LAWS(GJH)-1985-7-2

SAYED YASIN SAYED MOHMAD Vs. BAI CHANI

Decided On July 10, 1985
SAYED YASIN SAYED MOHMAD Appellant
V/S
BAI CHANI Respondents

JUDGEMENT

(1.) The following substantial questions of law have been formulated by the court at the time of admission of this Second Appeal:

(2.) This Second Appeal arises out of a suit filed by the present appellant on the ground that he is a beneficiary under the religious public trust owning the suit land bearing s. no. 494 situated in Katargam Taluka Chorasi Dist. Surat and the suit land is a graveyard and the defendants have no right to destroy the said graveyard. Respondents nos. 1 to 4 are the trustees of the public trust and Respondent No. 5 is the tenant and deemed purchaser of the suit land. The lower appellate court has held that Respondant No. 5 was a tenant of the suit land and on the abolition of the Devasthan Inam he became the deemed purchaser and he had also paid the purchase price fixed under sec. 32G of the Tenancy Act. The trustees had carried the matter in appeal under the Tenancy Act and had failed and thus the right title and interest of the trust in the suit land had become extinguished and therefore the plaintiff who claimed to be a beneficiary under the trust had no right to maintain the suit. The lower appellate court had also held that the suit land was not used for Sandal Uras; that is a clear finding of fact and no question has been raised on this count.
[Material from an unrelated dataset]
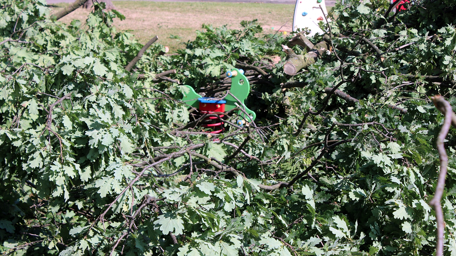 -Szedłem ze sklepu, uciekałem przed deszczem. Wpadłem do tej altany, tutaj, naprzeciwko. Nadeszła taka ulewa, później wszystkie te drzewa się położyły w jedną stronę i nagle było 'bum’, wielki strzał. Wczoraj robotnicy i strażacy robili chyba do północy. Dużą robotę zrobili, Straż Pożarna zaraz była, wszystko uprzątali. Placu zabaw praktycznie już nie ma. Nikomu nic się nie stało, ale tutaj nikogo nie było. Ja byłem chyba najbliżej, bo stałem tutaj. Tylko na osiedlu B, tam jest takie drugie osiedle, tam urwało pół dachu.
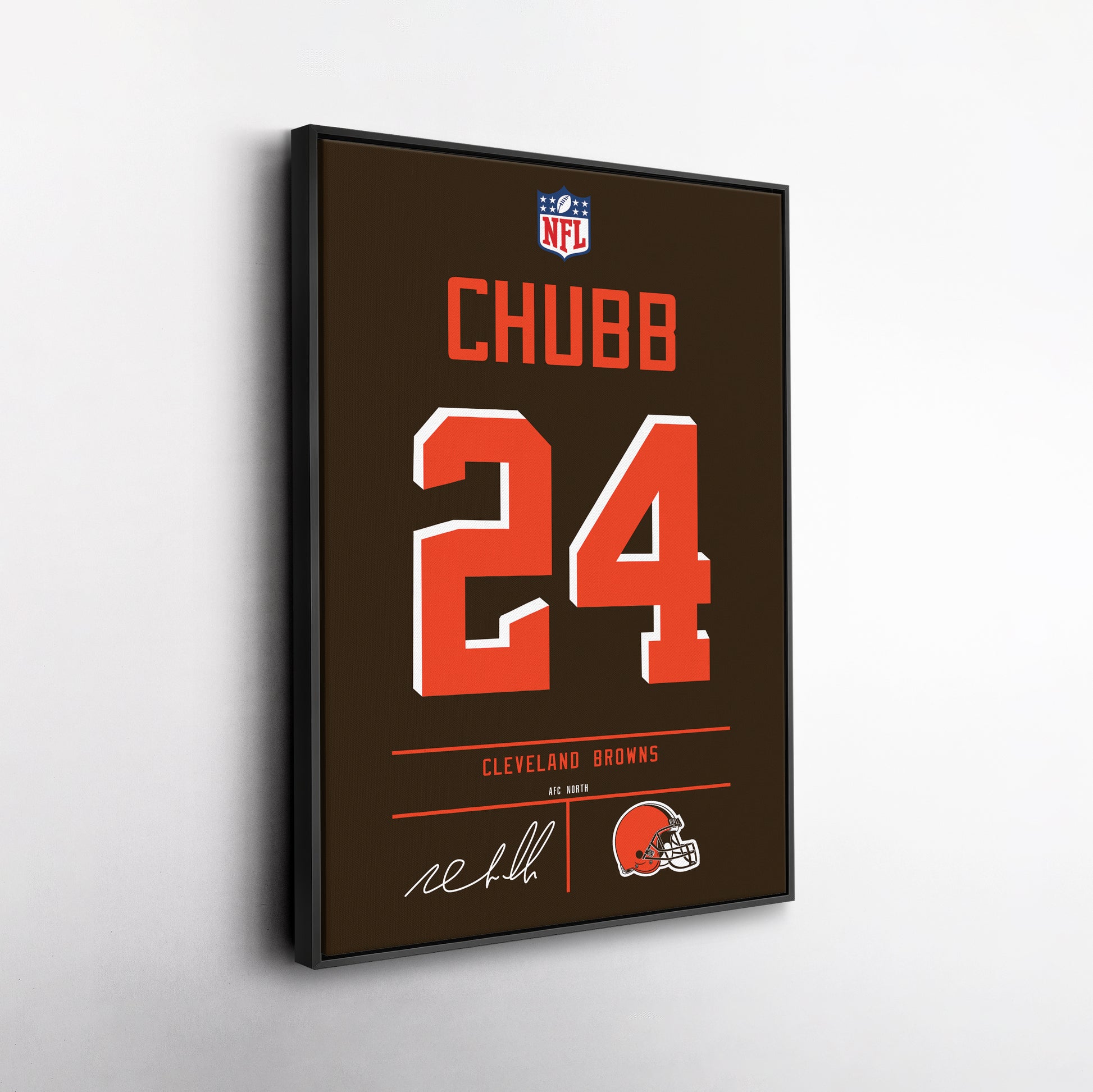 Featuring Nick Chubb’s iconic Cleveland Browns jersey number and team logo, this premium canvas is available in various sizes and can be framed or unframed to suit your decor needs. It’s the ideal gift for sports enthusiasts and football lovers alike, offering high-quality materials and a lasting impression.

(3.) The first question of Jaw raised is based on sec. 43C of the Bombay Tenancy and Agricultural Lands Act which provides that nothing in secs. 32 to 33 (both inclusive) and 43 shall apply to lands in the areas which on the elate of the coming into force of the Amending Act 1955 are within the limits of a municipal corporation constituted under the Bombay Provincial Municipal Corporations Act 1949 On the basis of this provision the learned counsel for the appellant has submitted that since Katargam is within the limits of the Municipal Corporation of Surat the provisions of secs. 32 to 32R are not applicable and therefore the decisions and orders of the tenancy authorities are illegal and without jurisdiction. This argument suffers from several fundamental fallacies and is without any factual basis. Even though these questions are being raised for the first time in Second Appeal no attempt has been made to provided factual data and the relevant dates. The learned counsel for the appellant has submitted that Surat Municipal Corporation had come into existence sometimes in 1968 Assuming that this is so on 1-8-1956 Surat Municipal area was not included within any municipal corporation. It is also not shown that on 1-8-1956 Katargam was within the municipal limits of Surat. In fact it was admitted that prior to inclusion of Katargam in the municipal corporation it was a gram panchayat. On 1-8-1956 Surat was a municipal borough and cl. (c) of sec. 43C also included a municipal borough; but that clause has been deleted by Gujarat Act No. 16 of 1960. Therefore from that time onwards Sec. 43C was not applicable to Surat municipal area and therefore the provisions of sec. 32 to 32R were applicable. This is on assumption that Katargam was included in the municipal area; but there is nothing to show that Katargam was included within the municipal borough of Surat. Since it is not shown that on 1-8-1956 the area of Katargam was within the limits of Surat Municipal Borough or Surat Municipal Corporation there is no scope for any argument whatsoever that proceedings under the Tenancy Act were without jurisdiction.